- 05.18.2015
- gramophone
- Guest PostMusic
James Brown Live at the Apollo and the Cuban Missile Crisis
By Ken Swauger
In late October of 1962 it really looked like the world was going to change, and not for the better. The cold war was definitely getting hotter and the Soviet Union and the United States were dangerously close to button pushing time. In the middle of all this superpower huffing and puffing a young R&B recording artist was trying to start Act II of the rest of his life. The fates weren’t going to let a little thing like the Cuban Missile Crisis get in his way.

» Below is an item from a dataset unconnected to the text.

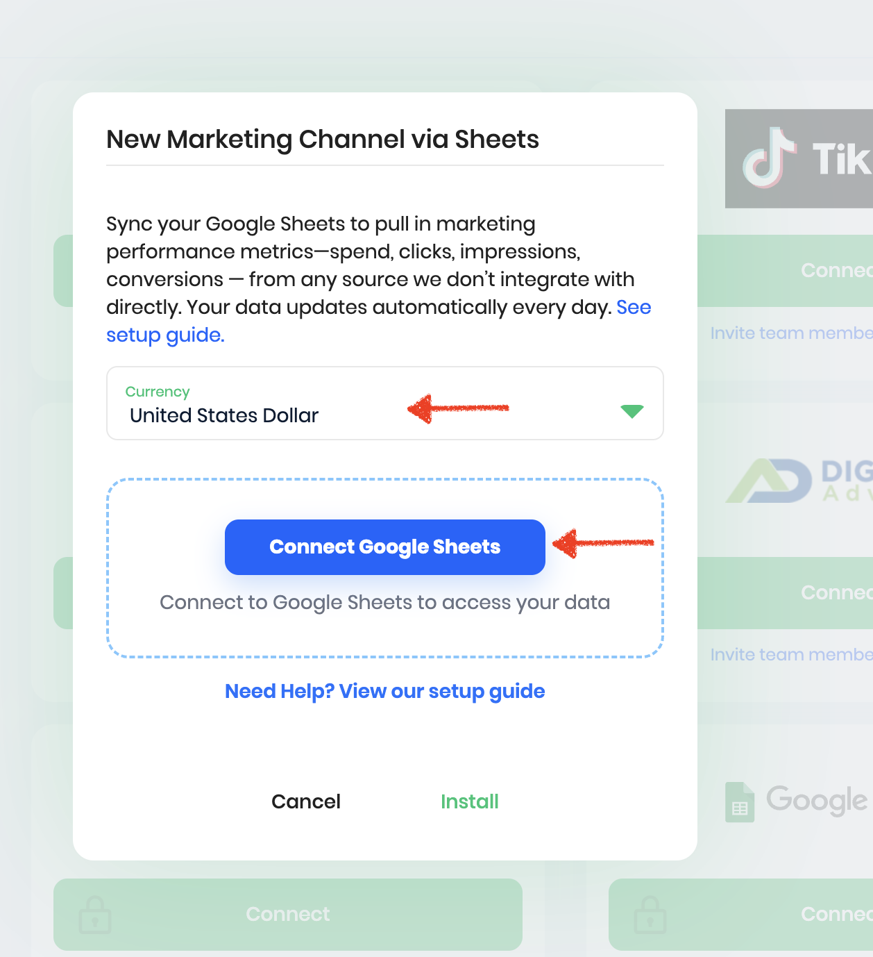 - Done! We will now synchronize your marketing data daily from your connected Sheet.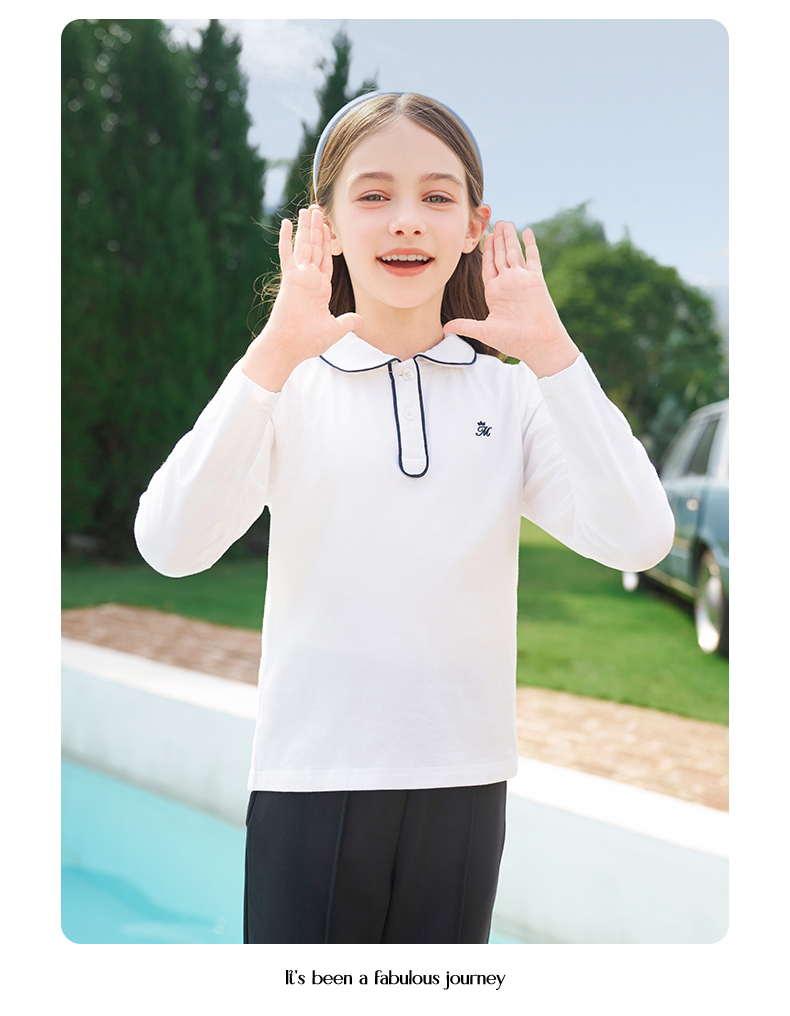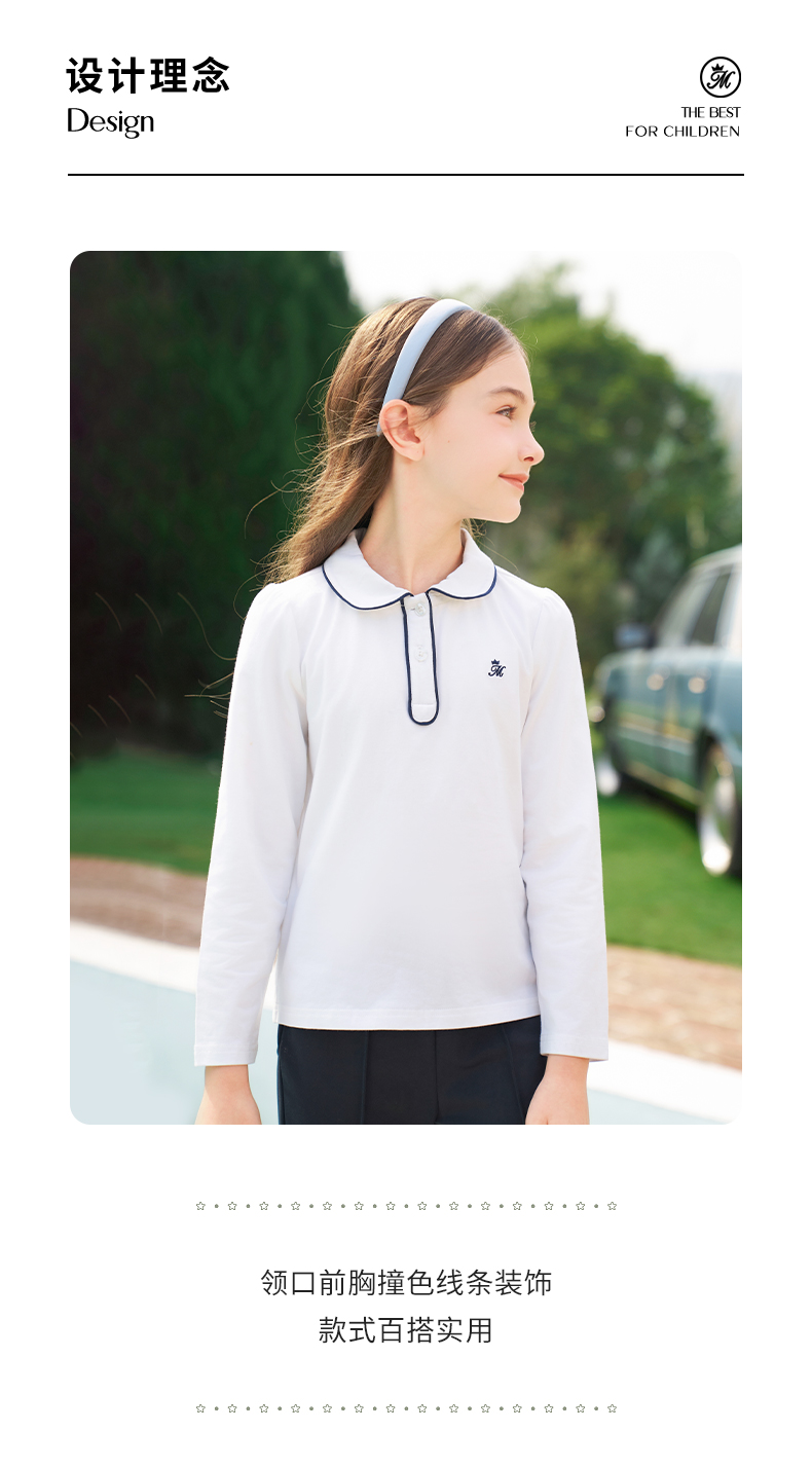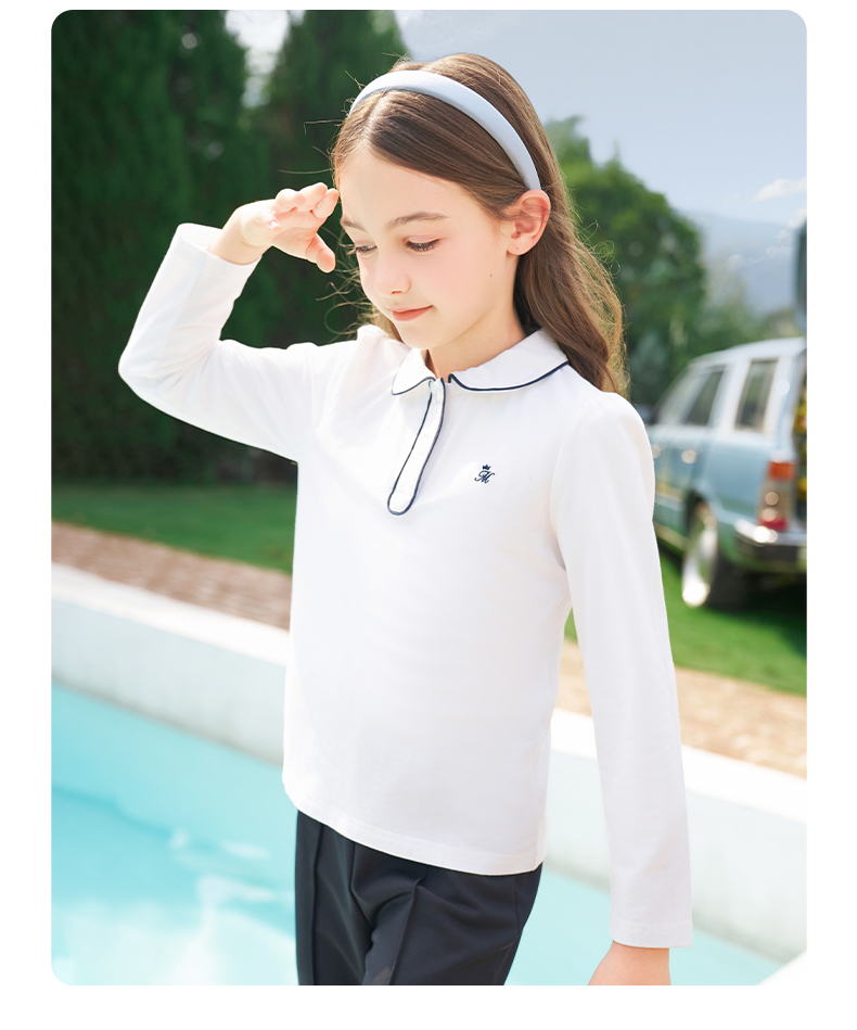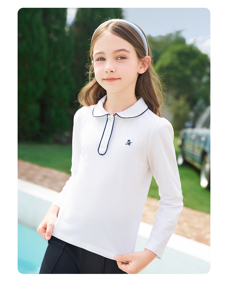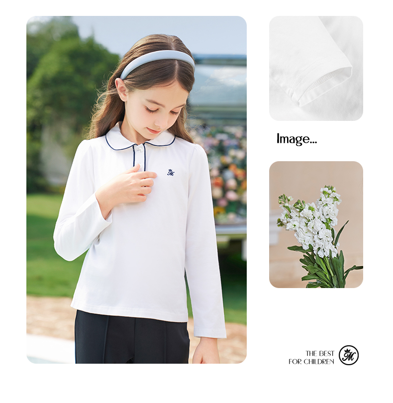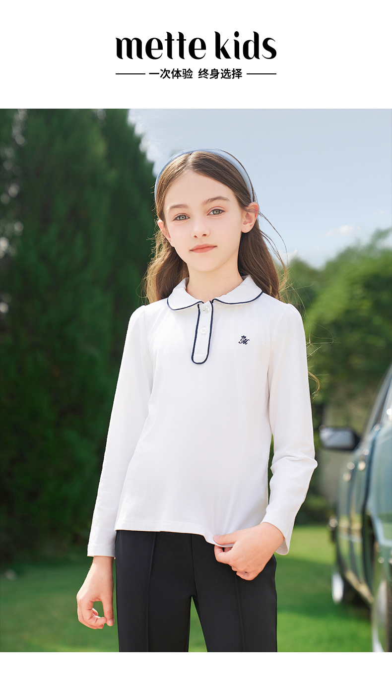 mettekids女童长袖T恤2024春秋白色休闲童装儿童百搭打底衫上衣

James Brown was 29 years old and reasonably successful in the music business. His singles had sold well and he was considered one of the top four or five performers under contract with King Records. But that was not enough for the ambitious Brown. He wanted to become a pop superstar and believed he understood how to make that happen.
His strongest musical attribute was his live performances where his charged personality could connect with an audience and explode. For years he and his backup singers, The Famous Flames, had played to predominately black audiences in what was known as the “chitlin” circuit. These concerts, called revues, would include an amateur dance contest, a male and female singer, a comedy act and end with Brown’s vocal fireworks and his gravity defying dancing. When he approached his boss at King Records, Syd Nathan, with the idea of making a live recording he was turned down. Nathan didn’t believe a recording of a live concert would yield any three minute long singles, which were the backbone of the record business in those days. Undaunted, Brown took $6,000 of his own money, rented the Apollo Theater in Harlem and hired an on location recording crew to capture a new kind of pop record: James Brown, Live at the Apollo.
New York City was cold on that October 24th night, suiting the mood of most New Yorkers who believed their city stood a good chance of being nuked before the end of the week. Earlier that day newspaper headlines had proclaimed the start of the US naval blockade of Cuba, threatening to fire on any Russian ship that didn’t comply with the embargo. In Moscow the state run radio station had been broadcasting, every half hour, a dire warning, claiming that the U.S. threats would “unleash nuclear war”. All week people had been stockpiling groceries and bottled water and even TV sets. It seemed nobody wanted to miss watching the end of the world.
Tickets for the James Brown concert sold for $2.00 each and the line stretched around the corner guaranteeing a sold out crowd in spite of world events. In an attempt to get the audience in a better frame of mind, Brown had members of his road crew bring hot coffee to the waiting people. He had all of the Apollo ushers dressed in rented tuxedos so that they looked as sharp as he did. During the day’s afternoon performance people who were especially vocal were asked to remain for the late show and moved closer to the front of the stage. Brown wanted to be able to count on these people to add to the excitement of the record.
It can be helpful when you listen to Live at the Apollo to think of your sound system as a kind of time machine and the clarity of your <insert brand name here> system as a window letting you “see” what happened on that night. The performance begins with the famous phrase, “Are you ready for star time?” delivered by Lucas Gonder who besides being the emcee is the band’s organist. Following the introduction and listing of Brown’s hits the band kicks off with a rousing number and James Brown takes the stage. Throughout the entire concert listen to how the band is almost letter perfect in the way it supports Brown’s wild exuberant interplay with the screaming audience.
Nowhere is this excitement more evidenced than tracks six and seven of the 2004 re-released CD on the Polydor label. Your audio system will place the muted trumpets firmly to the left of the stage with the tenor and baritone saxophones flowing to the right. The drums seem to be slightly elevated in the center and the sounds produced by the organ and guitar seems to float from the right side of the stage. The Famous Flames are left of center and Brown is firmly planted in the center. If you listen carefully to the apparent distance between his voice and the microphone you’ll get a sense of how he manipulated the ebb and flow of the building emotional connection with the audience. Sometimes he’s purring into the mic pulling it close and vocally stretching syllables like a color smeared across a canvass. Other times his voice almost fades to inaudibility letting you see him bending down touching outstretched hands from people standing in front of the stage. The audience participation now becomes an equal partner to the singer with single voices call out from the surging crowd extolling Brown to “go on and sing the song!” If Brown is the backwoods preacher then they are the willing converts allowing him to lead them beyond this loveless world.
It is the tremendous dynamic range capability of your Gramophone system that allows you to accurately retrieve this seminal musical event. The best audio systems can simultaneously produce the loudest transients without masking the subtlest inner details. Without their ability to portray this wildly changing scene with all of its dynamics intact you wouldn’t be able to hear exactly how it was recorded.
All of this raw emotion with its give and take between performer and audience registered with the record buying public. The album remained on Billboard’s best selling album list for 66 weeks and has been included in the Library of Congress’ National Recording Registry. Rolling Stone magazine has listed it as number 24 in its list of 500 greatest albums. Now you can revisit that tumultuous time in the world’s history and find how one person’s indomitable spirit triumphed and created lasting art.